A review of 42 cases of intestinal pseudo-obstruction in patients with systemic lupus erythematosus based on case reports

Intestinal pseudo-obstruction (IpsO) is considered a severe manifestation of systemic lupus erythematosus (SLE) characterized by clinical and radiological evidence of intestinal obstruction with no identifiable mechanical lesion. We performed a systematic review to document IpsO in SLE. Twenty-eight articles with 42 patients were included. The median age of onset of IpsO was 27.5 (10–57) years. The female to male ratio was 38:4. Twenty-two (52.4%) patients had IpsO as the initial presentation of their underlying lupus.
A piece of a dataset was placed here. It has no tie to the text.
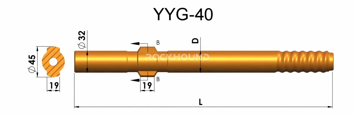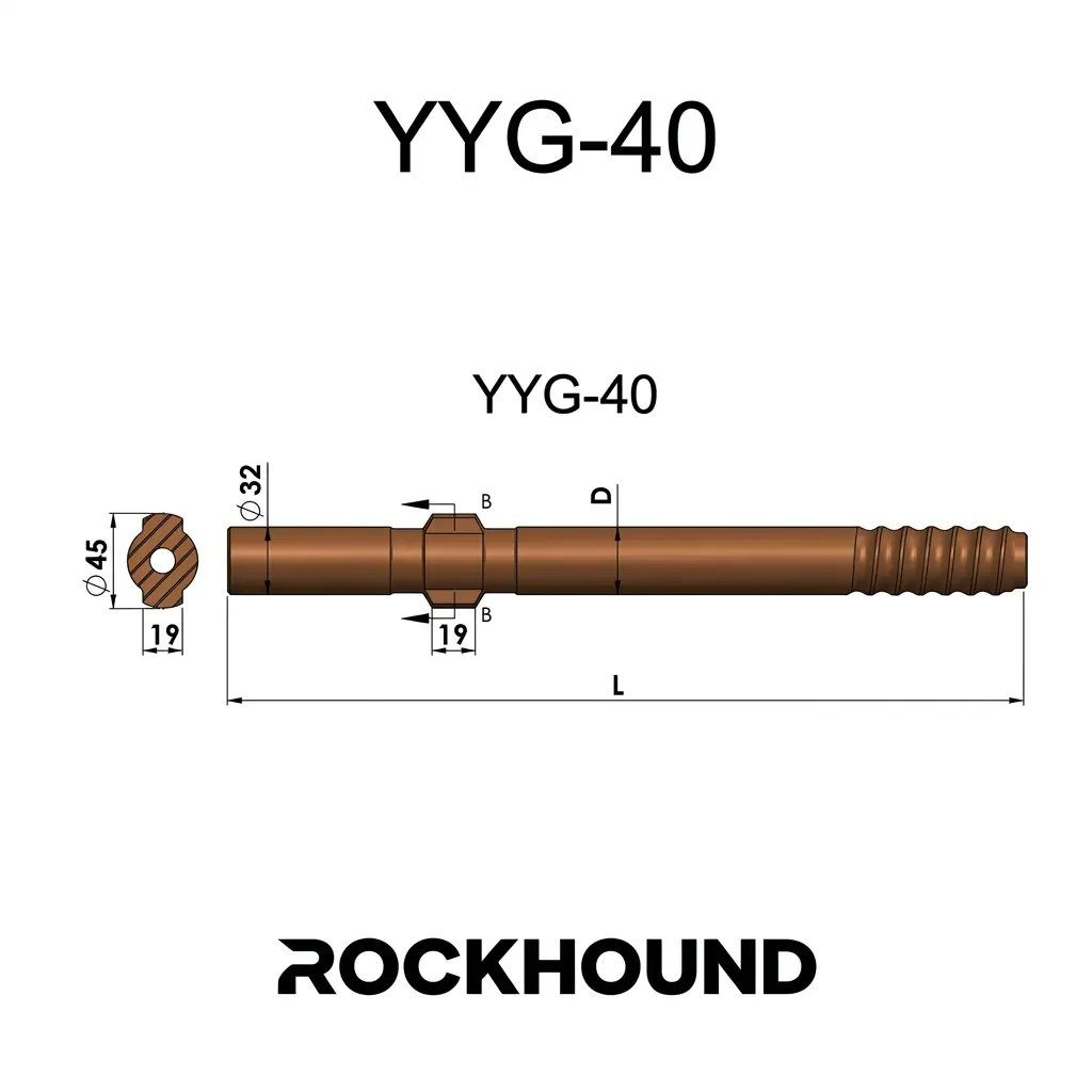 El perfil hexagonal del vástago de transmisión está rectificado con precisión para adaptarse a los portabrocas de clase YYG40 con un juego de rotación mínimo. El ajuste perfecto del hexágono al portabrocas reduce los momentos de flexión secundarios en el collar del vástago, lo que prolonga directamente la vida útil del buje delantero en el cuerpo de la broca.

Three (7.1%) patients manifested in inactive lupus. The duration of abdominal symptoms before admitted ranged from 3 days to 3 years, however most of the patients responded well to systemic corticosteroid or immunosuppressive treatment within 2 days to about 3 months. Concomitant ureterohydronephrosis was present in approximately three-fourths of the cases. More interestingly, 4 patients presented hepatobiliary dilatation without mechanical obstruction together with IPO and ureterohydronephrosis. In conclusion, IpsO is an uncommon but important manifestation of SLE. The finding of coexisting ureterohydronephrosis and hepatobiliary dilatation suggests that there may be generalized visceral muscle dysmotility. Early recognition of IpsO is necessary to institute appropriate medical treatment and to avoid inappropriate surgical intervention.